Abstract

Introduction: Despite the availability of iron chelation therapy, accumulation of excess iron in the heart results in cardiomyopathy, congestive heart failure (CHF) and death in approximately 71% of transfused patients with β-thalassemia (β-thal) major. In preclinical and single-institution clinical studies, Exjade®(deferasirox, DFX) has demonstrated efficacy in decreasing cardiac iron. This ongoing study evaluates the effects of DFX on cardiac iron and left ventricular ejection fraction (LVEF) in patients (pts) with β-thal major in a prospective, single-arm, multi-center trial using cardiac MRI T2*. Here, we report preliminary results from patients who have completed 12 or 18 months of treatment.

Methods: Twenty-eight pts were enrolled at four US centers. DFX was administered at 30–40 mg/kg/day for 18 months. Entry criteria included MRI evidence of cardiac iron (T2* <20 ms) and normal LVEF (≥56%). Serum ferritin (SF) was assessed monthly and MRI assessments for liver iron concentration (LIC), cardiac T2* and LVEF were done every 6 months. Serum creatinine (SCr), biochemical and hematological status were also monitored. All results are reported as mean±SE (range) unless otherwise stated.

Results: At the time of analysis, 18 pts had 12-month evaluations and 12 pts had 18-month evaluations. Five pts discontinued (one non-compliance, two patient decisions, and two deaths).
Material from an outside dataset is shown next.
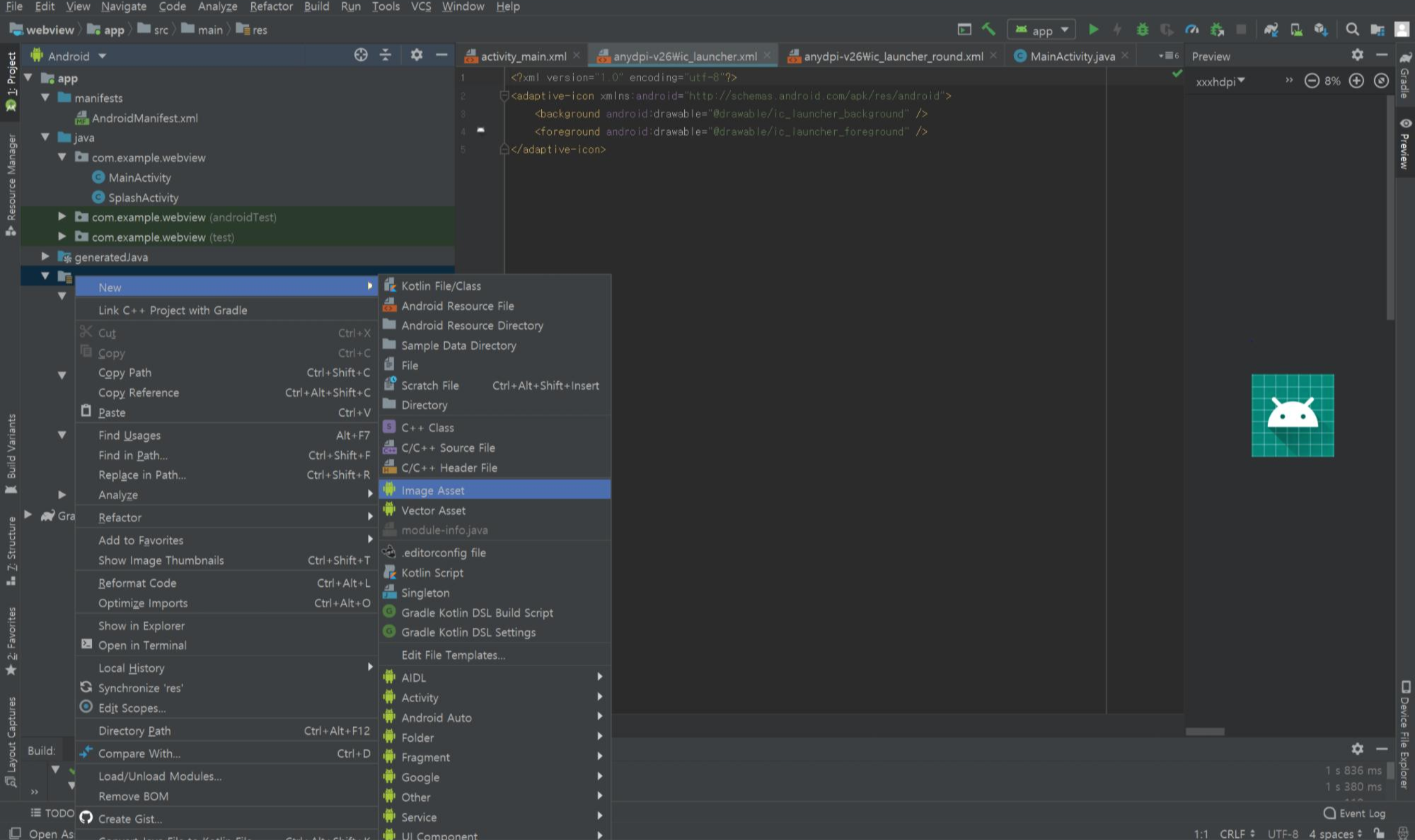 res 폴더를 우클릭하고 New > Image Asset을 선택합니다.

Both deaths were considered unrelated to DFX treatment; the first patient enrolled with markedly elevated baseline cardiac iron (T2*=1.8 ms) and died secondary to CHF. The second patient death was due to sepsis and multi-organ failure.

Baseline: All 18 evaluable pts (three male, 15 female; aged 10–44 years) received ≥150 lifetime transfusions. SF was 4324±912 ng/mL (395–16,249). Cardiac T2* was 9.6±0.97 ms (4.6–16.1), LIC was 18.7±3.8 mg Fe/g dry weight (dw; 3.6–62.3) and LVEF was 61.7±1.0%.

12-Month results: At 12 months, 7/18 pts were on 40 mg/kg/day. 12/18 pts (67%) had an increase in cardiac T2* with a mean difference of 2.2 ms (18%; P=0.025). 13/18 pts (72%) had a decrease in LIC with a mean difference of 2.4 mg Fe/g dw (25%; P=0.032). LVEF remained stable. SF fell by 583 ng/mL (n=18; 22%; P=0.147).

18-Month results: At 18 months, 3/12 pts were on 40 mg/kg/day. 10/12 pts (83%) had an increase in cardiac T2* with a mean difference of 4.1 ms (35%; P=0.001). 11/12 pts (92%) had a decrease in LIC with a mean reduction of 4.7 mg Fe/g dw (50%; P=0.003). Mean LVEF trended upward from 61.5 to 63.3% (n=13; P=0.2). SF fell by 1373 ng/mL (n=11; 46%, P=0.006).

Safety data from pts (n=25) treated with 30–40 mg DFX were in line with previous studies. The most common drug-related adverse events (AEs; eight pts; 32%) were gastrointestinal in nature. 1/25 patients experienced a suspected SAE (hospitalization due to abdominal pain and vomiting) but completed the study. One patient developed SCr >upper limit of normal (ULN). Two pts (8%) had abnormal transaminases (≥5×ULN) on ≥2 occasions but both had abnormal values at baseline.

Conclusions: DFX monotherapy significantly improved cardiac and liver iron after 12 and 18 months. Overall, doses from 30–40 mg/kg/day were well tolerated. Cardiac T2* improvement rates were 1.5–1.9% per month, which is comparable to other monotherapy trials. A trend towards improved LVEF was seen in patients completing 18 months of therapy; however, a larger, long-term study will be required to confirm whether DFX can significantly improve cardiac function in this population.

Disclosures: Wood:Apotex: Honoraria; Novartis: Honoraria, Research Funding, Speakers Bureau. Thompson:Novartis: Honoraria, Membership on an entity’s Board of Directors or advisory committees, Research Funding. Paley:Novartis: Employment. Kang:Novartis: Employment. Giardina:Novartis: Research Funding, Speakers Bureau. Virkus:Novartis: Employment. Coates:Novartis: Honoraria, Research Funding, Speakers Bureau. Off Label Use: The use of deferasirox doses >30 mg/kg is considered off-label.